Уборщик поддал ей под зад, и Глэдис вдохнула холодный утренний воздух. Обернувшись, она в последний раз окинула взглядом кабаре, запыленное зеркало, переполненные окурками пепельницы. Чупамирто зевал, сидя на бонго. Лимонно-желтые огни погасли, и пальмы, выстроившиеся вдоль тротуаров, снова стали похожи на облупленные колонны. По улице между луж пробежала кошка; ее булавочные зрачки вобрали в себя ушедшую ночь. Глэдис сняла туфли, передохнула, закурила (пухлые губки, зубы с золотыми коронками) последнюю сигарету — ей полагалась сигарета каждые пятнадцать минут. На улице Герреро вода уже сошла, и она смогла обуться. По Букарели, не отбрасывая тени, со скрипом катили первые велосипеды; уже пошли трамваи.
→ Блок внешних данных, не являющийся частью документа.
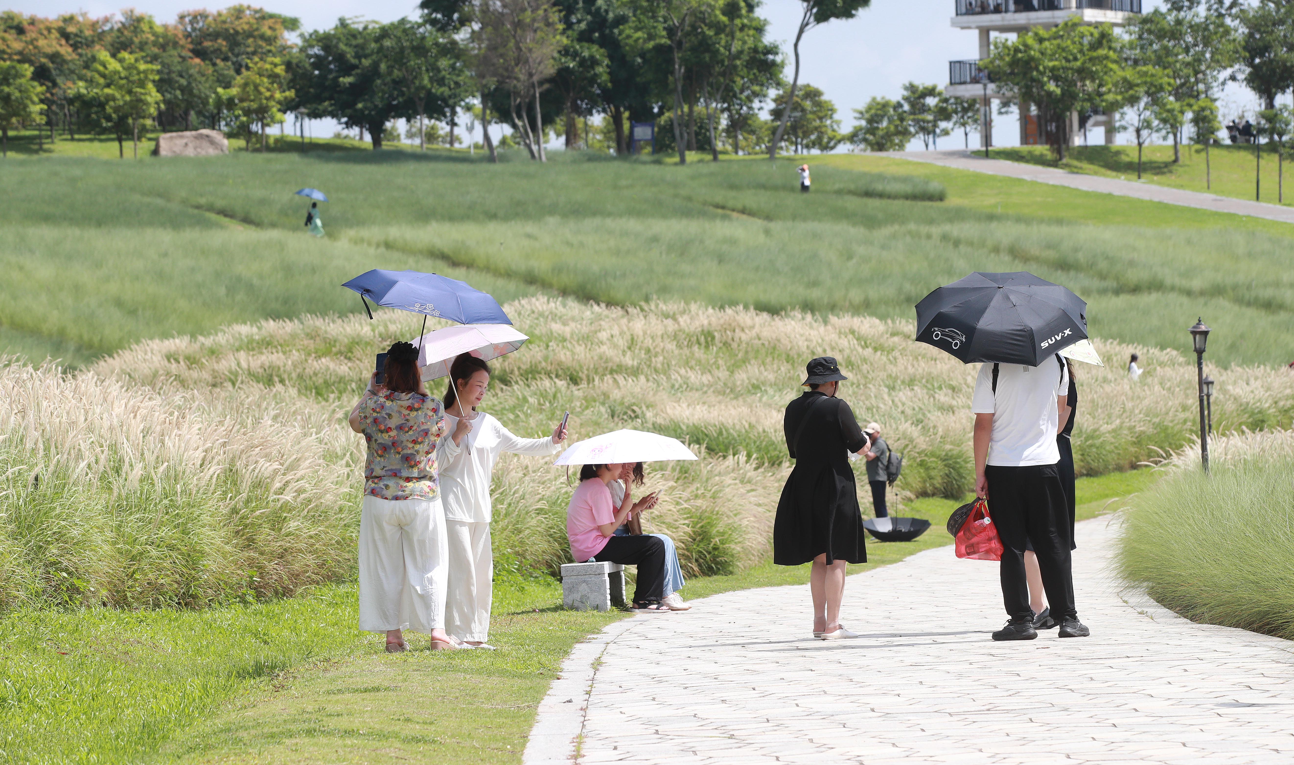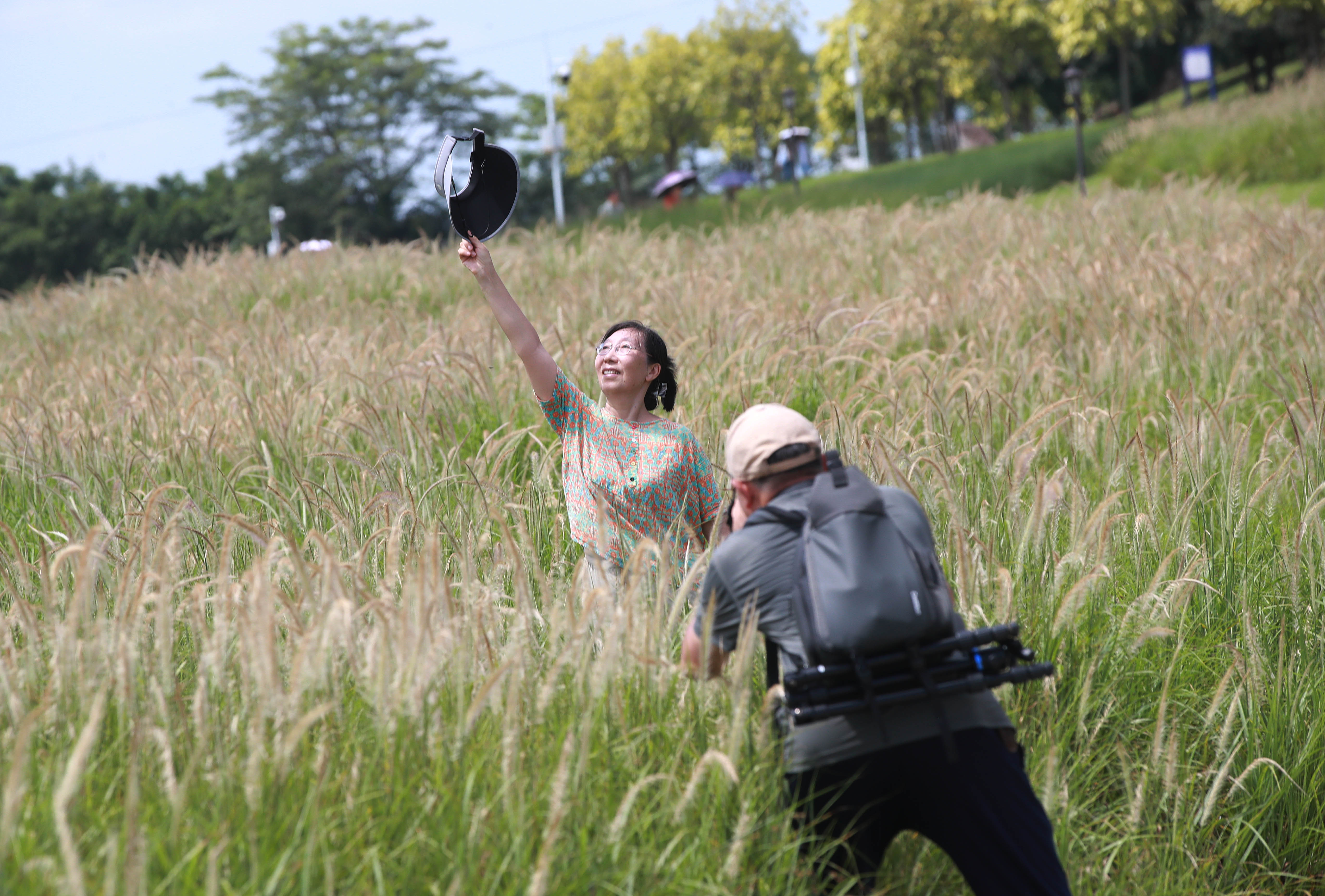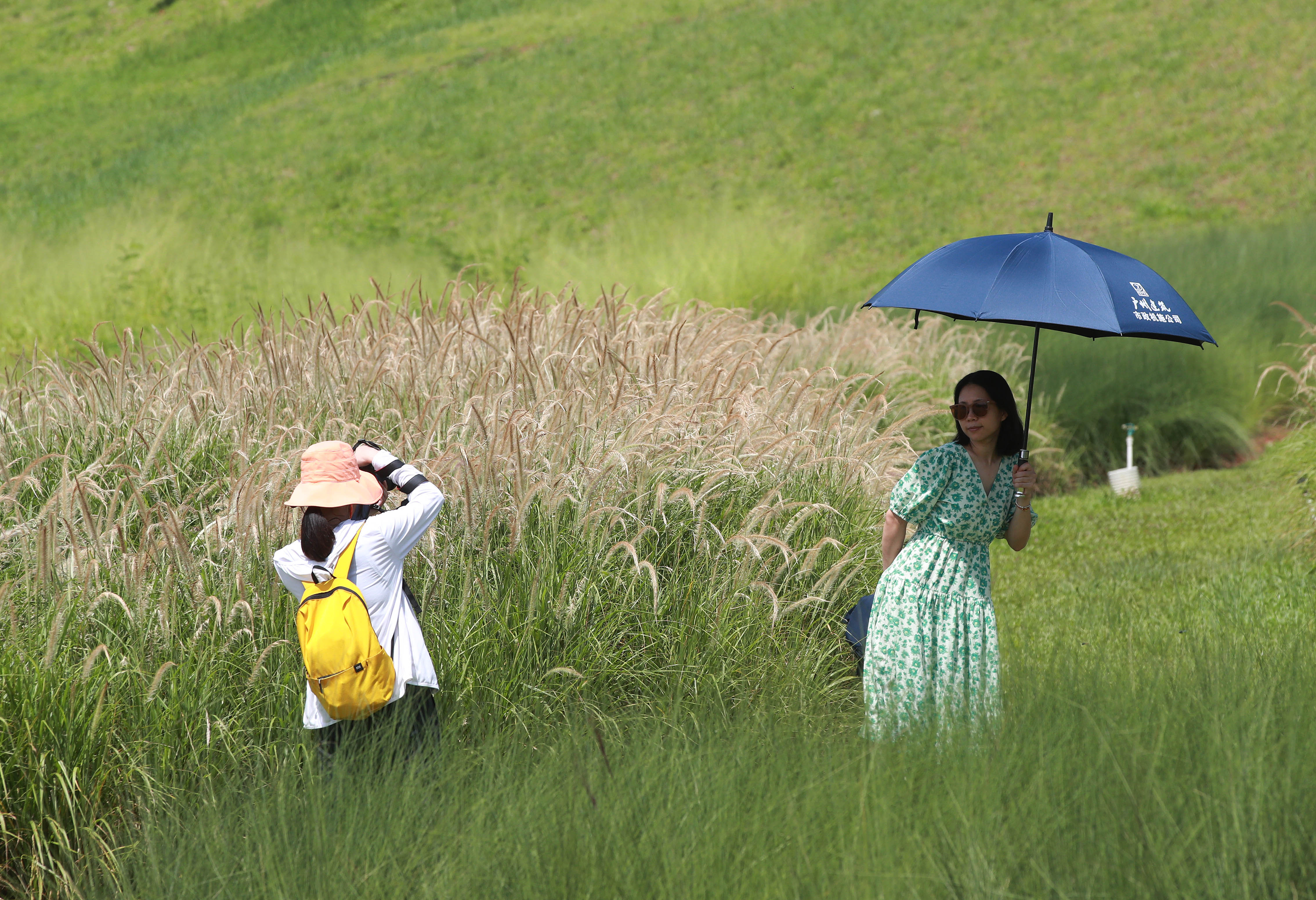 在石岩陌上花公园躬耕地一侧及拈花观景台附近,一片占地约2800平方米的区域,狗尾巴草在阳光下随着轻风曼妙蠕动,熠熠闪着金光,仿佛百亩金色的麦浪,勾起人们无限的暇想。人们穿梭其间,驻足观赏,拍照打卡,乐在其中。
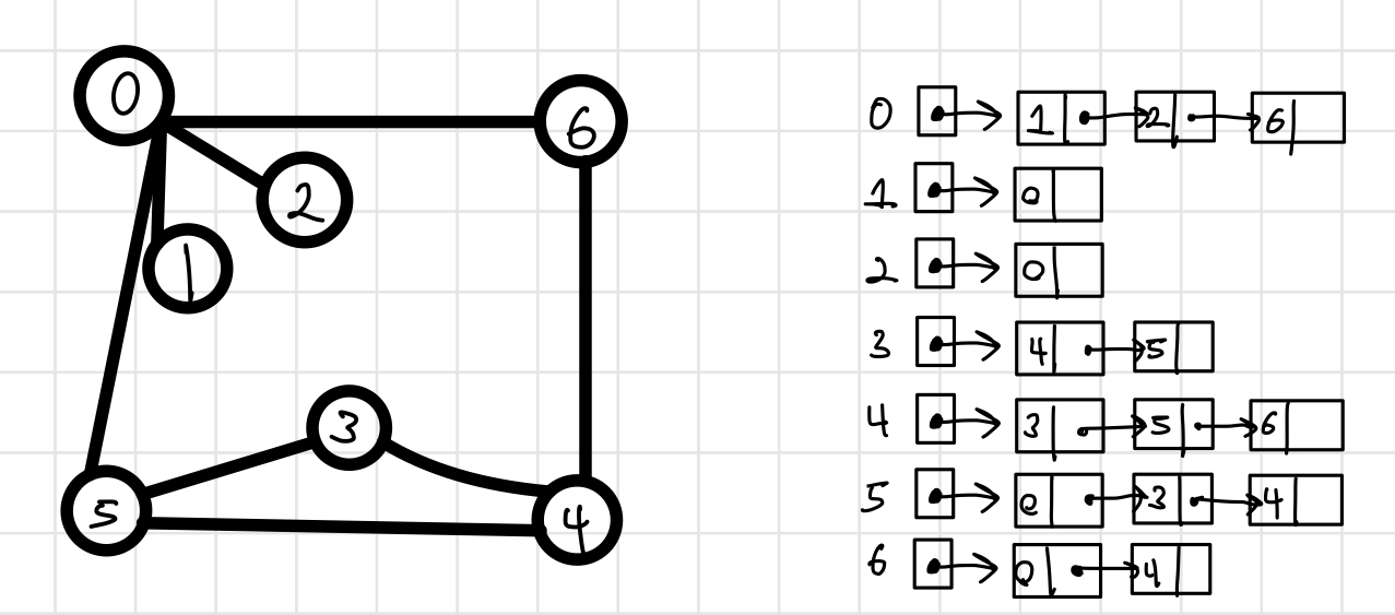 - 각 정점에 대한 인접 정점을 개수만큼 저장하고 각각 노드로 하는 리스트로 저장함
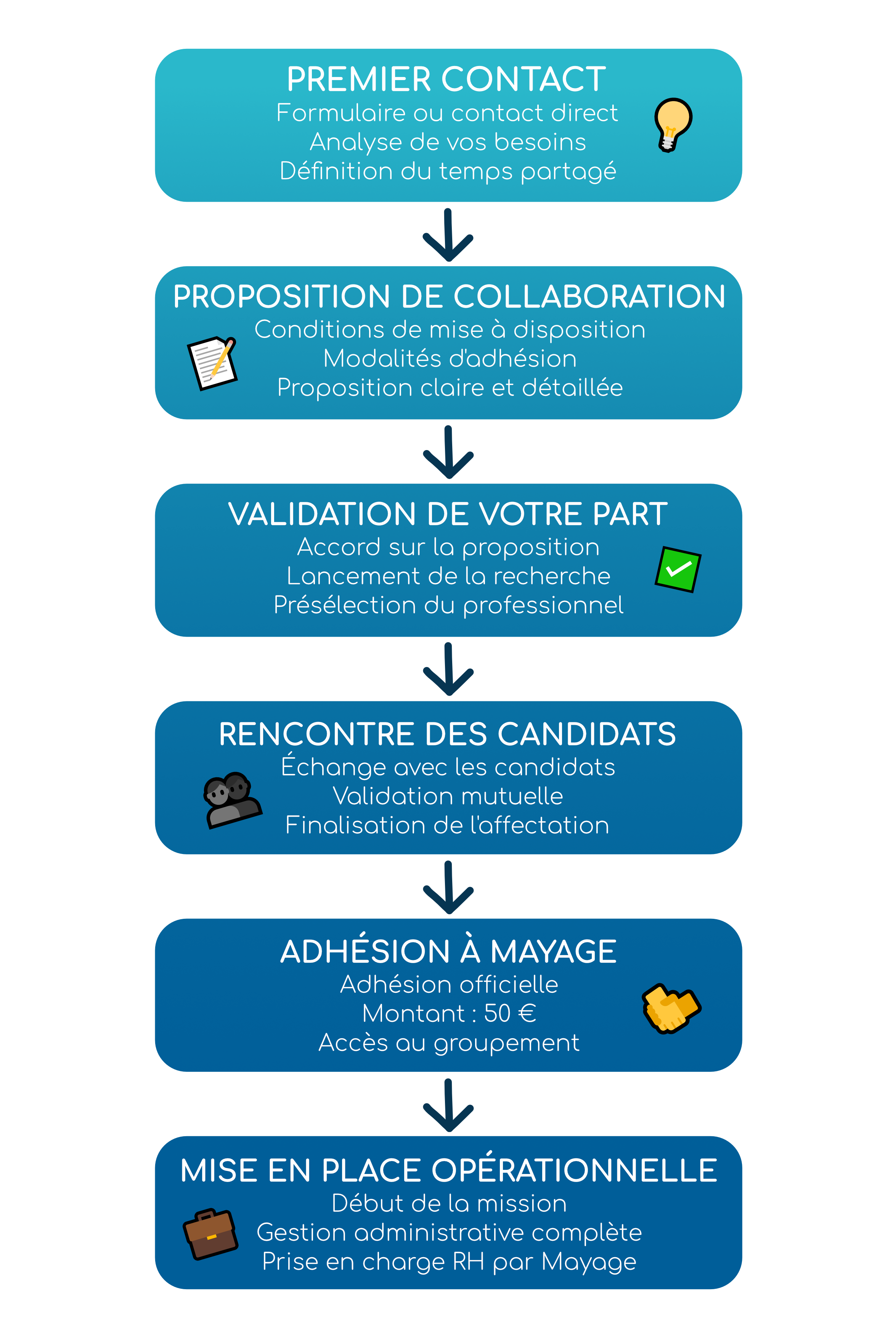 Vous échangez avec le candidat rencontré par MAYAGE et présélectionné. S’il correspond à vos attentes, nous finalisons ensemble son affectation.

Проспект походил на свалку: обрывки бумаги, отбросы из китайских кафе, дохлые собаки, старуха, роющаяся в мусорном ящике, дети, зарывшиеся в ворох газет и афиш, заменяющих им постель. Слабый, мерклый свет — как от свечи у тела покойника. От Лошадки в сторону Докторес отходила похожая на гроб грядка еще не раскатанного асфальта, унылая, как протянутая рука. Казалось, ничто не может оживить это мертвое царство. Ну, а когда светило солнце, чувствовалось здесь биение крови, трепет жизни? Глэдис, перед которой открывался вид на Карла IV и его карликовый двор из неоновых выкриков

2

Старик с желтыми усами и палкой с медным набалдашником, пользуясь воскресеньем, выводит своего внука из темного дома на улице Эдисона и тащит к Лошадке, где они садятся в автобус, который идет в Ломас. Старик, подрагивая в коленях, усаживает мальчика у окна и, потрясая геройской палкой, указывает ему дома, которых уже нет, — особняк Итурбиде, особняк Лимантуров, кафе «Колон», и те немногие, которые, на его взгляд, заслуживают упоминания, хотя и сохранились. «Раньше на этом проспекте были сплошные дворцы

», —

говорит он мальчику и тычет пальцем в стекло, не обращая внимания на грубые окрики толстяка-шофера, который только на оживленных перекрестках перестает заглядывать в спортивный журнал и прикладываться к бутылке с лимонадом. «После генерала Диаса этой стране пришел конец, мой мальчик, пришел конец», — а мальчик лижет мороженое и закидывает голову, чтобы измерить взглядом высоту новых зданий, выходящих на площадь Колон, но старик их не видит, он видит только то, что стоит перед его мысленным взором, и, приоткрыв вялый рот, ожидает очередного дворца порфирианских времен: эти островки, сохранившиеся в его памяти и отвечающие его вкусу, окружает пустыня цемента и стали. После памятника Куаутемоку, где в автобус садятся десятка два потных пареньков в красных майках, с футбольными мячами под мышкой, глаза у него делаются масляными, и он, вертя палкой, описывает сады, где он бывал, экипажи, которые были в моде в ту пору, ливреи лакеев и кучеров и нечто такое, что он не может толком назвать, — другой ритм шагов, другой запах, другую манеру держаться. «У нас навсегда отняли этот город, сынок! Раньше это был настоящий город дворцов. Смотри хорошенько на то, что я тебе показываю, и перестань лизать мороженое!» Он хочет упомянуть о губернаторе Ланда-и-Эскандона, но подозревает, что мальчик ничего не поймет. Вот они и в Ломасе. Старик с ужасом смотрит на здание в колониальном стиле со множеством лепных украшений, ниш и желтых витражей. Он стучит палкой оземь. «Раньше здесь было чистое поле».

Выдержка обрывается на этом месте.